Probiotic helminth administration in relapsing-remitting multiple sclerosis: a phase 1 study

Abstract

Background: Probiotic treatment strategy based on the hygiene hypothesis, such as administration of ova from the non-pathogenic helminth, Trichuris suis, (TSO) has proven safe and effective in autoimmune inflammatory bowel disease.

Objective: To study the safety and effects of TSO in a second autoimmune disease, multiple sclerosis (MS), we conducted the phase 1 Helminth-induced Immunomodulatory Therapy (HINT 1) study.

Methods: Five subjects with newly diagnosed, treatment-naive relapsing-remitting multiple sclerosis (RRMS) were given 2500 TSO orally every 2 weeks for 3 months in a baseline versus treatment control exploratory trial.

Results: The mean number of new gadolinium-enhancing magnetic resonance imaging (MRI) lesions (n-Gd+) fell from 6.6 at baseline to 2.0 at the end of TSO administration, and 2 months after TSO was discontinued, the mean number of n-Gd+ rose to 5.8. No significant adverse effects were observed. In preliminary immunological investigations, increases in the serum level of the cytokines IL-4 and IL-10 were noted in four of the five subjects.

Conclusion: TSO was well tolerated in the first human study of this novel probiotic in RRMS, and favorable trends were observed in exploratory MRI and immunological assessments. Further investigations will be required to fully explore the safety, effects, and mechanism of action of this immunomodulatory treatment.

Trial registration: ClinicalTrials.gov NCT00645749.

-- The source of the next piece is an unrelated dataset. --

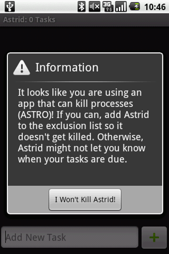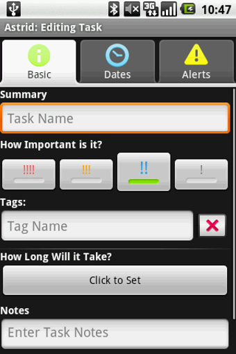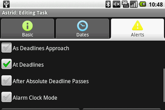 Astrid is ingedeeld in 3 handige tabbladen, alwaar je basistaken, afspraken en alerts (notificaties) instelt. Je zet het beste automatische proces-sluiters zoals Astro File Manager uit voordat je taken agendeert met Astrid. Op deze manier blijft Astrid altijd in staat je te herinneren.

Conflict of interest statement

Conflict of interest statement

The authors declare that they have no conflicts of interest.

Figures

Figure 1

MRI Results. Masked reading of the number of new (unique to each scan) enhancing lesions after double-dose gadolinium (0.2 mmol/kg body weight) administration on a 3-Tesla MRI brain scan by study day, with study day 1 being the first day of Trichuris suis ova (TSO) administration. Shown in the figure are the screening period (1 month), TSO treatment period (3 months), and the post-treatment observation period (2 months). Subjects are designated by the symbols shown in the insert box.

Figure 2

Systemic acute-phase reactants. (A) Serum high-sensitivity C-reactive protein (hs-CRP) levels in mg/l. (B) Blood eosinophil levels in cells/μl. (C) Specific IgG1 for Trichuris suis in optical density units (OD 465nm). (D) Specific IgA for T. suis in optical density units (OD 465nm).

Figure 3

Serum cytokine determinations. The cytokines shown were measured by ELISA and reported in pg/ml.

Figure 4

Frequency of alternatively activated monocytes (AAM). After isolation of peripheral blood mononuclear cells by Ficoll density gradient and staining for CD14+ (monocytes), cells were stained with markers characteristic of AAM (Panel (A) CD23+; Panel (B) CD 124+). Representative results are shown for a control healthy donor subject and two of the study subjects, 001 and 002. Data are shown for timepoints at screening and after 1, 2, or 3 months of TSO treatment, and the frequency of doubly stained, AAM phenotypic cells is indicated by the insert box and the percent enumerations shown. No significant increases in AAM frequency were noted during TSO treatment.

Figure 5

Frequency of CD4+CD25+FoxP3+T regulatory cells. After isolation of peripheral blood mononuclear cells by Ficoll density gradient, cells were stained for CD4 and CD25, fixed and permeabilized, and then stained for Foxp3 expression. The frequency of FoxP3+ cells as a percentage of total CD4+ cells for all subjects during the study is shown.